I find it noteworthy that the parties’ disagreement was not merely on the interpretation of the term “full-time” as Greensburg Coca-Cola suggests. Greensburg Coca-Cola submitted its “final offer” containing the recognition clause language from previous collective bargaining agreements, as well as a proposal offering that the company would not utilize part-time employees if full-time employees were on layoff status. The ALJ did *677not credit Greensburg Coca-Cola’s self-serving testimony that it believed it met the union’s concern with respect to part-time employees with this offer. Further, the Board found that Greensburg Coca-Cola, by this proposal, intended to exclude part-time employees from contract coverage, and that it consistently attempted to insert its interpretation of “full-time employees” into the contract language.

There is substantial evidence in the record to support this finding.
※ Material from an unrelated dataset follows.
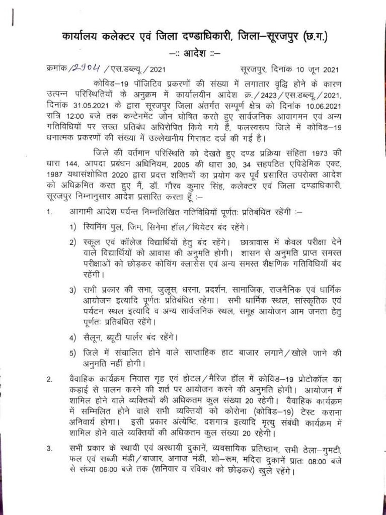 सूरजपुर | कोविड-19 पॉजिटिव प्रकरणों की संख्या में लगातार वृद्धि होने के कारण उत्पन्न परिस्थितियों के अनुक्रम में जिला अंतर्गत सम्पूर्ण क्षेत्र को 10 जनू 2021 रात्रि 12.00 बजे तक कन्टेनमेंट जोन घोषित करते हुए सार्वजनिक आवागमन एवं अन्य गतिविधियों पर सख्त प्रतिबंध अधिरोपित किये गये हैं, फलस्वरूप जिले में कोविड-19 धनात्मक प्रकरणों की संख्या में उल्लेखनीय गिरावट दर्ज की गई है जिसको देखते हुए कलेक्टर एवं जिला दण्डाधिकारी डॉ. गौरव कुमार सिंह आदेश जारी किया है जिसमें निम्न गतिविधियाँ पूर्णत: प्रतिबंधित रहेंगी जैसे- स्विमिंग पुल, जिम, सिनेमा हॉल, थियेटर बंद रहेंगे। स्कूल एवं कॉलेज विद्यार्थियों हेतु बंद रहेंगे। छात्रावास में केवल परीक्षा देने वाले विद्यार्थियों को आवास की अनुमति होगी। शासन से अनुमति प्राप्त समस्त परीक्षाओं को छोड़कर कोचिंग क्लासेस एवं अन्य समस्त शैक्षणिक गतिविधियाँ बंद रहेंगी।  सभी प्रकार की सभा, जुलूस, धरना प्रदर्शन, सामाजिक, राजनैतिक एवं धार्मिक आयोजन इत्यादि पूर्णत: प्रतिबंधित रहेगा। सभी धार्मिक स्थल, सांस्कृतिक एवं पर्यटन स्थल इत्यादि व अन्य सार्वजनिक स्थल समूह आयोजन आम जनता हेतु पूर्णत: प्रतिबंधित रहेंगे। सैलून, ब्यूटी पार्लर बंद रहेंगे। जिले में संचालित होने वाले साप्ताहिक हाट बाजार लगाने, खोले जाने की अनुमति नहीं होगी। यह आदेश दिनांक 10 जून 2021 रात्रि 12.00 बजे से लागू होगा।जारी आदेश में कहा गया हैं कि वैवाहिक कार्यक्रम निवास गृह एवं होटल, मैरिज हॉल में कोविड-19 प्रोटोकॉल का कड़ाई से पालन करने की शर्त पर आयोजन करने की अनुमति होगी। आयोजन में शामिल होने वाले व्यक्तियों की अधिकतम कुल संख्या 20 रहेगी। वैवाहिक कार्यक्रम में सम्मिलित होने वाले सभी व्यक्तियों को कोरोना (कोविड-19) टेस्ट कराना अनिवार्य होगा। इसी प्रकार अंत्येष्टि, दशगात्र इत्यादि मृत्यु संबंधी कार्यक्रम में शामिल होने वाले व्यक्तियों की अधिकतम कुल संख्या 20 रहेगी

I note the testimony that, although Greensburg Coca-Cola maintained the original contract language describing the unit scope as “full-time” employees, it conveyed quite clearly that it interpreted “full-time” to mean employees working 40 hours per week, which is contrary to the previous course of dealing. The Board’s position is also supported by Greensburg Coca-Cola’s original rejection of the union’s proposal to include part-time employees in the unit scope.
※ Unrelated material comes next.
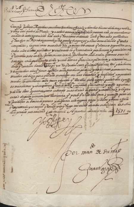 Carta misiva de Felipe II al concejo de Murcia, comunicando enviará información sobre las franquezas y privilegios otorgadas a los pobladores que vayan al reino de Granada.

There is certainly substantial evidence in the record, even considering the arguments of Greensburg Coca-Cola, that Greensburg Coca-Cola unlawfully insisted on changing the scope of the bargaining unit. I am particularly impressed by the union steward’s explanation of the previous understanding of the term “full-time.” The previous course of dealing is significant from a factual standpoint; as a matter of law, Greensburg Coca-Cola violated §§ 8(a)(1), (3) and (5) at the moment it insisted on its interpretation of the scope of the bargaining unit, which is a non-mandatory subject of bargaining.3

I dissent, too, from the majority’s crediting of Greensburg Coca-Cola’s argument that the Board failed properly to analyze whether there was a nexus between the unfair labor practice and the lockout. The Board adopted the ALJ’s conclusion that Greensburg Coca-Cola unlawfully locked out unit employees in support of its proposal altering the unit’s scope. As a matter of law, I agree. A lockout that is used to support an unlawful bargaining position is itself unlawful and violates the NLRA, specifically §§ 8(a)(1), (3), and (5). Therefore, since I am of the opinion that Greensburg Coca-Cola maintained an unlawful bargaining position with regard to unit scope, it is a short step for me to conclude that its lockout in support of that position was unlawful.
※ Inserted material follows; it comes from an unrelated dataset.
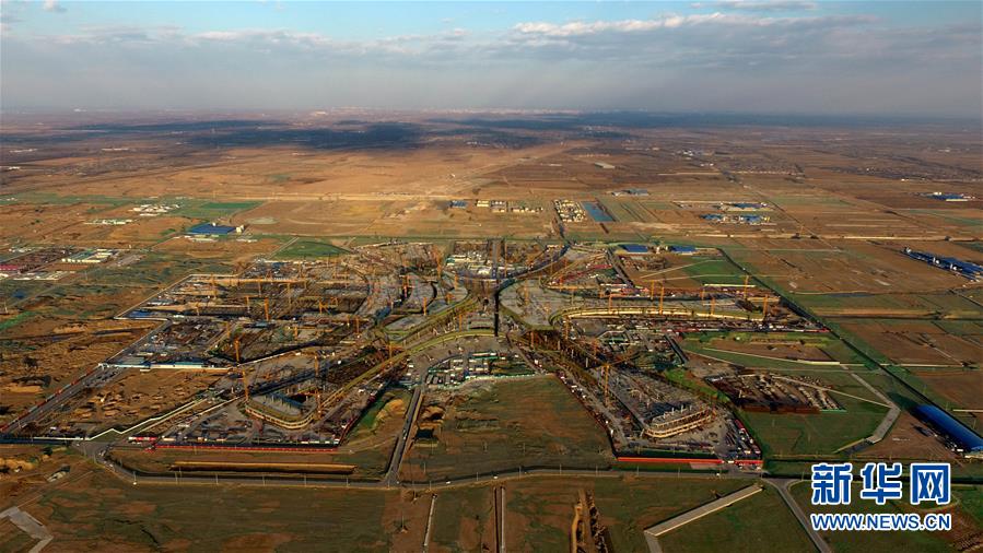 北京新机场建设工地航拍图(2月25日摄)。北京新机场位于北京市大兴区榆垡镇、礼贤镇和河北廊坊市广阳区之间,定位为大型国际航空枢纽,规划建设7条跑道,满足年旅客吞吐量1亿人次需求。新机场于2014年开工建设,计划2019年建成并投入运营。目前,北京新机场主航站楼已实现主体结构封顶,部分屋面钢架结构已在吊装。飞行区工程、场内交通市政工程全面开建,航空公司基地、空管工程、口岸设施建设等正在稳步推进中。新华社记者罗晓光 摄

For the foregoing reasons I would have granted the NLRB’s motion for enforcement of its order and denied Greensburg Coca-Cola’s petition for review.

. Greensburg Coca-Cola countered that it was incredible that two employees would forgo their right to union wages and benefits for over one year if they were in fact entitled to join the union. If the union so firmly believed that the two men belonged in the bargaining unit based on the fact that they had completed their probationary periods, the company argued, the union would have insisted that they be admitted immediately.

. Furthermore, Greensburg Coca-Cola’s argument that an impasse had not yet occurred conflicts squarely with our own analysis of that same argument in Latrobe Steel, 630 F.2d at 179 (holding that impasse is not the test under Borg-Warner).

. In light of my conclusion that Greensburg Coca-Cola unlawfully insisted on a non-mandatory subject of bargaining, I find unavailing the majority's crediting of Greensburg Coca-Cola's suggestions that the recognition clause issue was of little importance to the parties and that because the parties were apart on so many other issues and the union failed to respond to the final proposal, Greensburg Coca-Cola believed that it had met the union’s concerns with respect to part-time employees.